お庭に取り入れる「天然素材」と「人工素材」
<近年のお庭の素材事情>
かつては、自然物である天然素材のみで構成されていたお庭に、人工素材が登場して以来、
「天然素材 vs 人工素材」というテーマは、何度も語られてきました。
ただ、以前の人工素材はどうしても“つくりもの”という印象が拭えず、
どこかチープな仕上がりになってしまう点が、難しいところでもありました。
しかし近年では、天然素材を精巧に再現した人工素材が数多く登場し、見た目だけでは見分けがつかないほどの完成度になっています。
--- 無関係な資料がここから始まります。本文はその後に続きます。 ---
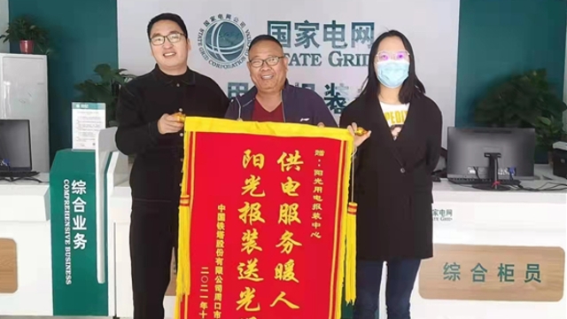 近日,在國網周口供電公司陽光報裝中心,中國鐵塔股份有限公司周口分公司業務經理朱義嶺一邊將印有“供電服務暖人心 陽光報裝送光明”的錦旗遞給供電工作人員,一邊感謝該公司對鐵塔基站建設提供的支持。
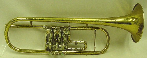 | Instrument - Trumpet Museum Number - TR069 Maker - Tito Belati Model - 3 Rotary valves Date of Manufacture - pre 1900 ID # - none Surface - laq brass Markings - Pergugia Italy Historical Detail -Tito Belati operated in Perugia Italy during the second hald of the 19th centruy |
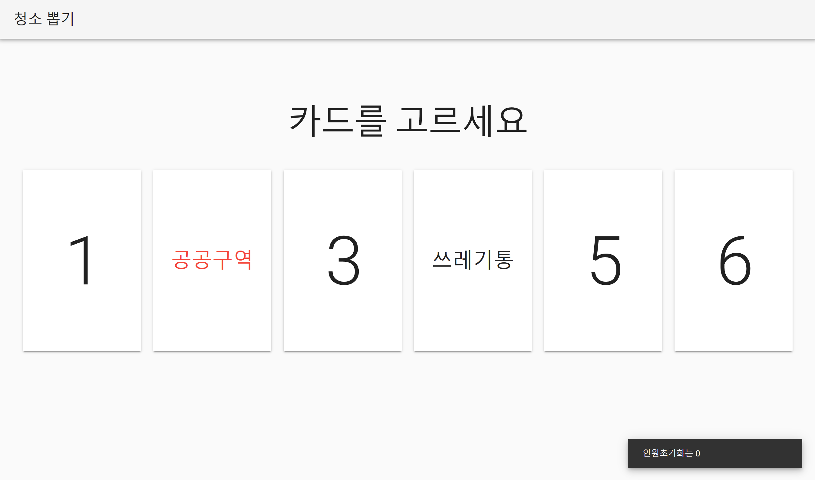 가위바위보로 정한 순서대로 랜덤으로 섞인 청소구역을 고르는 방식이다.
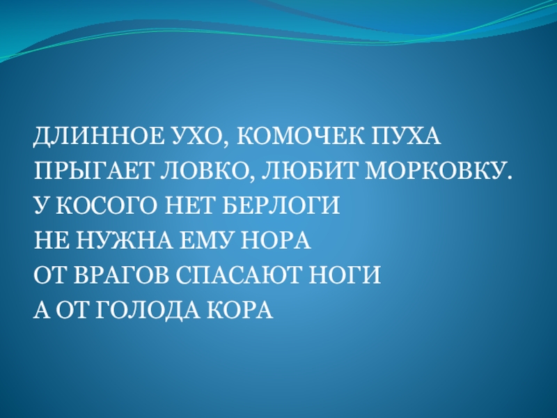 ДЛИННОЕ УХО, КОМОЧЕК ПУХАПРЫГАЕТ ЛОВКО, ЛЮБИТ МОРКОВКУ.У КОСОГО НЕТ БЕРЛОГИНЕ НУЖНА ЕМУ НОРАОТ ВРАГОВ СПАСАЮТ НОГИА ОТ
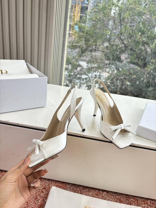G030顶级品质Dior 迪奥26Wf早春新蝴蝶结高跟拖鞋凉鞋 Ddd 标志性金属D字扣缀于鞋头侧畔哑光鎏金质感低调夺目是懂奢者才识的隐性徽记。柔韧鞋跟兼顾高挑感与舒适度晨起优雅配高腰阔腿裤是通勤气场一双解锁全场景法式精致。 Ddd 面料:真丝材质 牛皮 Ddd 内里:垫脚均为羊皮 Ddd 鞋底:意大利进口真皮大底 Ddd 跟高:8.5Cm Ddd Size:35-39 34.40 41 42定制 DDD
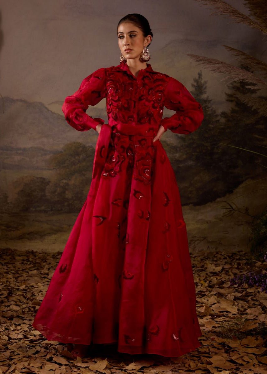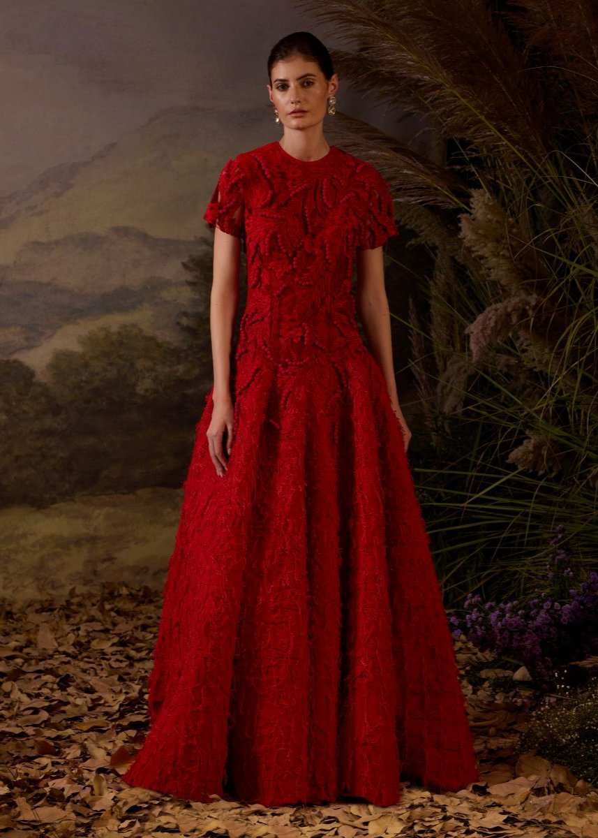 Drape yourself in timeless elegance with this scarlet red gown, featuring exquisite floral silk thread embroidery, a belted waist, and sheer puff sleeves
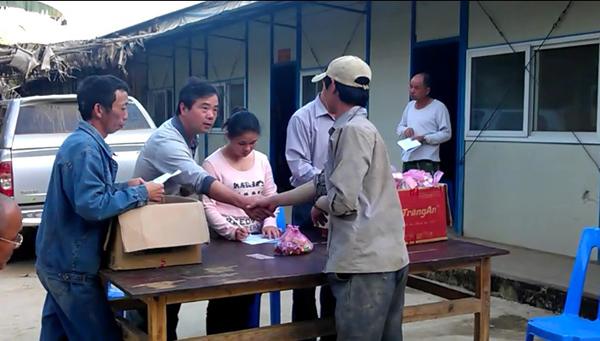 項目管理人員給越南員工送上春節(jié)禮品和慰問金
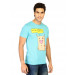Light blue round neck T-shirt made of 100% organic cotton, has fabric tape detailing on the inseam of the neckline, short sleeves, and brand logo below the nape of the neck
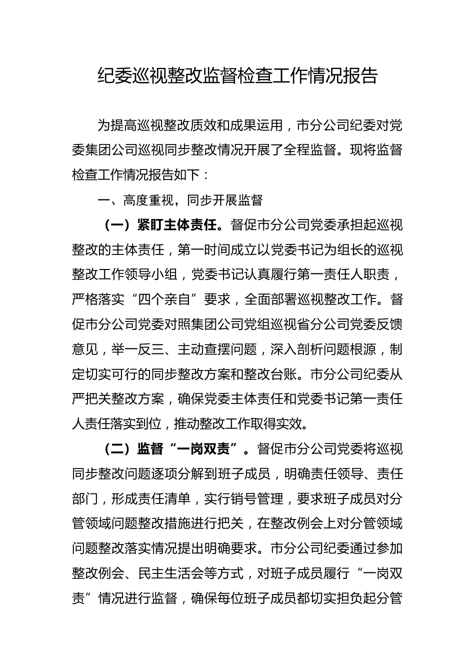 紀(jì)委巡視整改監(jiān)督檢查工作情況報告為提高巡視整改質(zhì)效和成果運用,市分公司紀(jì)委對黨委集團公司巡視同步整改情況開展了全程監(jiān)督?,F(xiàn)將監(jiān)督檢查工作情況報告如下:一、高度重視,同步開展監(jiān)督(一)緊盯主體責(zé)任。督促市分公司黨委承擔(dān)起巡視整改的主體責(zé)任,第一時間成立以黨委書記為組長的巡視整改工作領(lǐng)導(dǎo)小組,黨委書記認(rèn)真履行第一責(zé)任人職責(zé),嚴(yán)格落實“四個親自”要求,全面部署巡視整改工作。督促市分公司黨委對照集團公司黨組巡視省分公司黨委反饋意見,舉一反三、主動查擺問題,深入剖析問題根源,制定切實可行的同步整改方案和整改臺賬。市分公司紀(jì)委從嚴(yán)把關(guān)整...
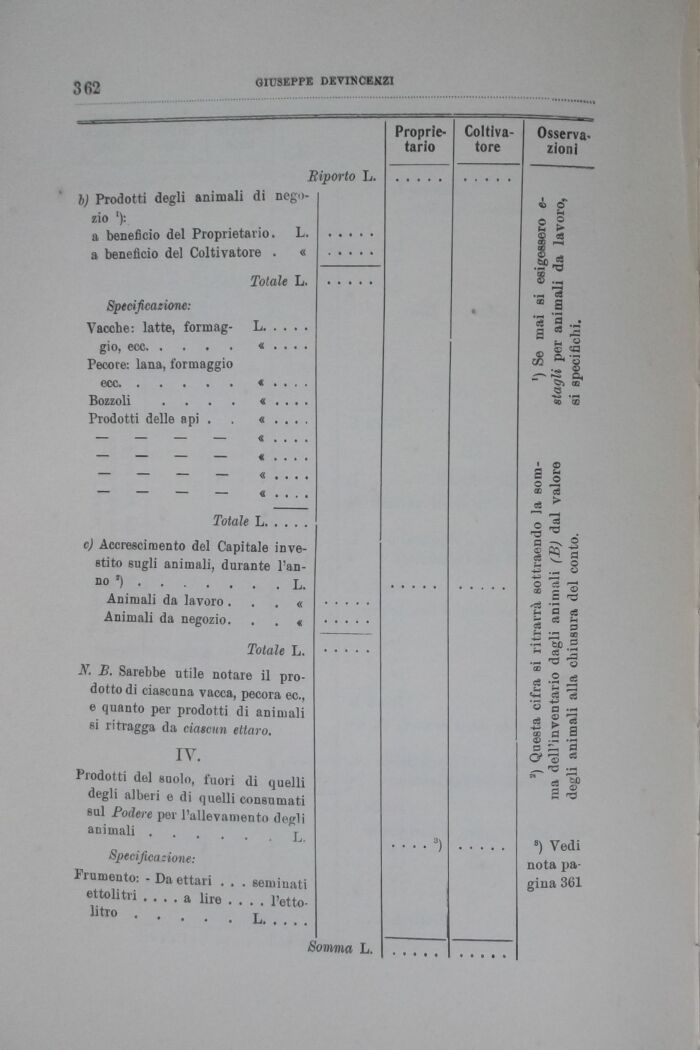 N. B. Sarebbe utile notare il prodotto di ciascuna vacca, pecora ec., e quanto per prodotti di animali si ritragga da ciascun ettaro.

その分、コストは上昇傾向にありますが、それぞれの特徴を理解したうえで選ぶ時代になったと感じています。
<天然素材・人工素材 それぞれの特徴>
● 天然素材
芝・樹木などの植物、レンガ、石、木材 など
一つひとつ色や模様が異なり、
“自然のゆらぎ” が空間に深みを与えるのが最大の魅力です。
メリット
・経年変化が美しく、味わいが増す
・自然な風合いとぬくもりがある
・周囲の環境や植栽と調和しやすい
デメリット
・定期的なメンテナンス(防腐・防汚など)が必要
・天候や使用環境による劣化が起こりやすい
● 人工素材
コンクリート平板・樹脂デッキ・人工芝・タイル など
天然素材を模して開発され、
均一な品質・高い耐久性・低メンテナンス性を実現した現代的な素材です。
近年は技術の進歩により、見た目にも非常に自然な質感のものが増えています。
メリット
・メンテナンスの手間が少ない
・品質が均一で施工後の状態を保ちやすい
・耐久性が高く、長期的に使いやすい
デメリット
・経年変化の味わいは天然素材に比べて少ない
・製品によっては人工的な印象が残る場合がある
<天然素材 × 人工素材のバランス活用>
天然素材の“情緒”と人工素材の“合理性”を組み合わせることで、
長く、美しく、手間なく続く庭を実現できます。
■ 目的ごとに役割を分担する
天然素材で“雰囲気”をつくる
アプローチの縁石や花壇の縁、テラスまわりの一部などに取り入れることで、
自然な表情や温もりを感じられる空間になります。
人工素材で“使いやすさ”を保つ
テラス床を人工タイルでフラットに保つことで、
清潔感と安全性を確保し、日常使いしやすい空間になります。
→ 清潔感と温もりが共存する、バランスのよい設計に。
■ メンテナンスと演出のバランス
- 天然素材は手間がかかる分、“魅せ場”として限定的に使う
- 人工素材は、掃除のしやすさや耐久性を重視する部分に使う
たとえば
玄関まわりや駐車スペースには人工素材、
リビング前の庭やテラスには天然素材を多く配置することで、
季節感や居心地のよさを演出できます。
■ バランス設計のメリット
手間を抑えながら、視覚的な“自然感”をしっかり確保できます。
無理なく続けられることが、心地よい庭づくりにつながります。
天然石を積み上げた花壇は、小さくても確かな存在感。
一つひとつ異なる石の表情が、人工素材にはない自然なゆらぎを生み、
住まい全体に温もりを添えます。
人工素材を基調としたファサードに、
樹木を添えることで自然の表情をプラス。
素材の機能性を活かしながら、
視覚的なやわらかさと季節感を取り入れています。